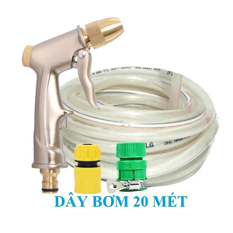 ️ Bộ dây vòi xịt nước rửa xe, tưới cây , tăng áp 3 lần, loại 20m 206587 cút sập,nối vàng + mở chai
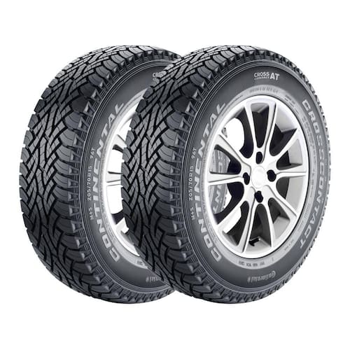 Mais informações sobre o produto O pneu ContiCrossContact AT foi desenvolvido especialmente para utilização nos mais variados tipos de terreno on-road e off-road. -Poder de tração e maior quilometragem: banda de rodagem com múltiplas lâminas e um composto resistente à cortes, proporcionando excelente poder de tração em terrenos irregulares, menor desgaste e alta durabilidade do pneu; -Proteção contra aquaplanagem: sulcos laterais largos e ombros abertos garantem uma grande capacidade de absorção e expulsão de água, protegendo contra a aquaplanagem. Sobre a empresa Quarta maior fabricante de pneus do mundo, essa fabricante alemã é muito respeitada pelo seu altíssimo nível de qualidade. A Continental é um dos principais fabricantes de pneus para veículos de passeio e comerciais leves da Europa e o quarto maior fornecedor do mundo de pneus para veículos de passeio e comerciais leves nos segmentos de equipamento original e reposição. A divisão de pneus da Continental possui atualmente 24 locais de produção e desenvolvimento em todo o mundo. A ampla gama de produtos e os contínuos investimentos em pesquisa e desenvolvimento trazem uma imensa contribuição à mobilidade com custo-benefício e eficiente ecologicamente.
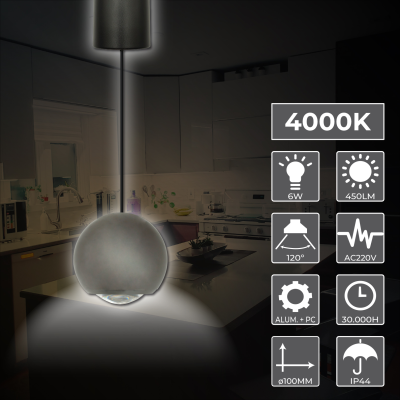 La Lampe Plafonnier Moderne Sphérique 6W combine design contemporain et efficacité. Elle se distingue par sa luminosité de 450 lumens et un angle de faisceau de 120º, offrant une lumière de haute qualité et attrayante avec un indice de rendu des couleurs supérieur à 90 CRI, gage de l'excellente qualité de lumière fournie.
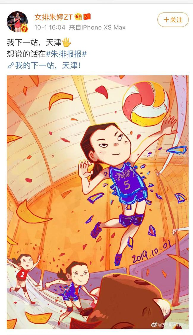 朱婷发表名为《我的下一站,天津!》的文章,表达了内心的愿望——
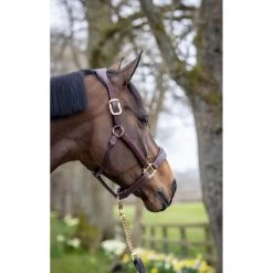 - Aย beautifully crafted, padded leather headcollar with elegant stitching detail for a classic look.

Directions for this task: Set down word for word the lines beginning with the one containing "La Lampe Plafonnier" and ending with the last line of the listing, inclusive. Omit every picture.

Your solution:
 La Lampe Plafonnier Moderne Sphérique 6W combine design contemporain et efficacité. Elle se distingue par sa luminosité de 450 lumens et un angle de faisceau de 120º, offrant une lumière de haute qualité et attrayante avec un indice de rendu des couleurs supérieur à 90 CRI, gage de l'excellente qualité de lumière fournie.
 朱婷发表名为《我的下一站,天津!》的文章,表达了内心的愿望——
 - Aย beautifully crafted, padded leather headcollar with elegant stitching detail for a classic look.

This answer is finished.